*Question we address*: How to develop physics-informed reinforcement learning algorithms that guarantee safety and interpretability ?

It is widely known that policies trained using reinforcement learning (RL) to solve simulated robotics problems (MuJoCo)
are

*extremely brittle and unstable*, i.e. your solution will most likely break down after perturbing a bit (e.g. poking the robot)
or transferring it to a similar task. It is often impossible to provide any

*safety guarantees* for constraint
satisfaction or an interpretation of how the trained policies work.

##### To address this issues we created State Planning Policy Reinforcement Learning.

##### Challenges in Theory

There are many opportunities for work on *theoretical foundations* of the developing SPP approach.
This area is yet unexplored, we present below the most promising research directions aiming at important
theorems.

Work towards theorems providing convergence guarantees of the *Bellman iterates* for our variant of the Q-function
that involves an inverse dynamics control model.

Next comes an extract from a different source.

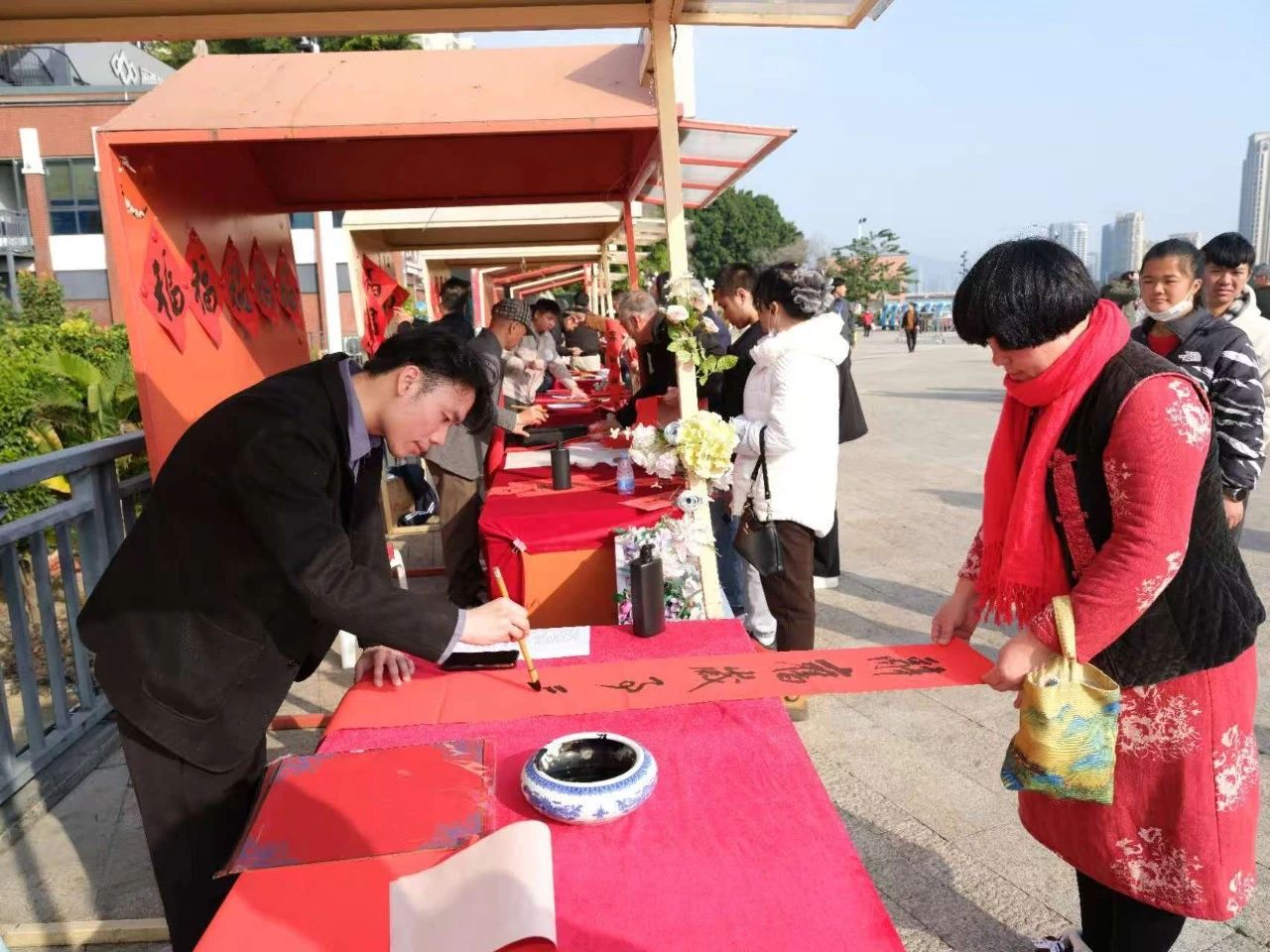 在现场,中国摄影家协会副主席、省文联副主席、省摄影家协会主席潘朝阳,省书法家协会主席李木教,国家级非物质文化遗产项目浦城剪纸技艺国家级传承人周冬梅等文艺大咖领衔优秀文艺志愿者团队,现场为福州市民拍摄“全家福”、书写春联、剪纸送福,让优质文艺资源以人民喜闻乐见的方式直达基层,为人民群众送上新年新春的美好祝福!
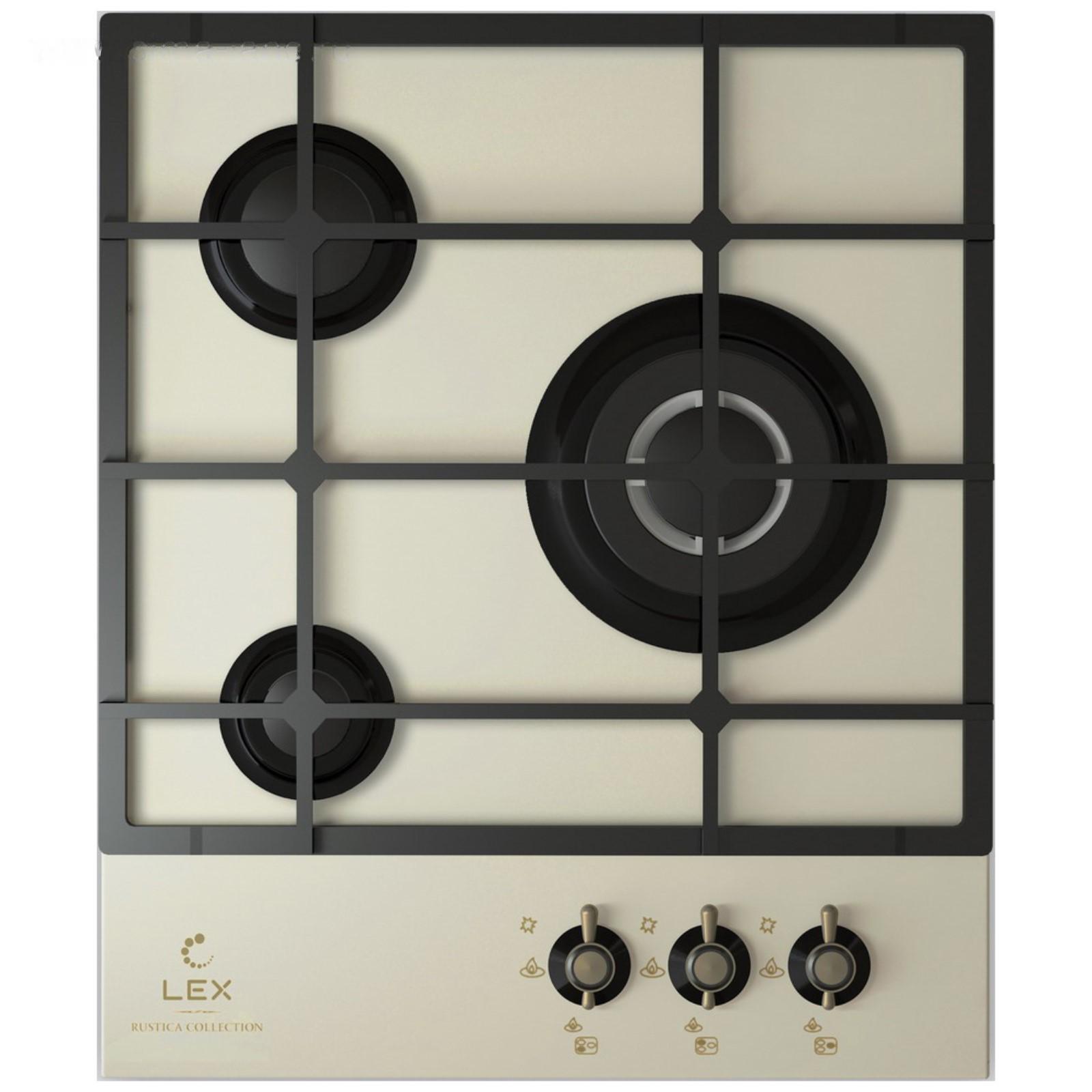 Варочная поверхность Lex GVG 431C IV, газовая, 3 конфорки, бежевое стекло/бронза

Establish link between *State Planning Policies* and *Hamilton-Jacobi-Bellman* optimization in order to compute
safety guaranteeing policies;

*Formal Verification* -- we can attempt a formal verification of trained policies, i.e. extract from the neural network
rules and mathematically verify that
the policy will satisfy the safety constrains within some fixed time horizon;

\[
Q^{\pi, CM}(s_t, a_t) = \mathbb{E}_{r_{i\ge t},s_{i>t}\sim E,\ z_{i>t}\sim \pi,\ a_i = CM(s_i,z_i)}{\left[R_t|s_t,a_t\right]};
\]

\[
0 = \min\left\{l(x)-V(x,t), \frac{\partial V}{\partial t}+\max_{u\in\mathcal{U}}{\nabla_x{V^Tf(x,u)}}\right\}.
\]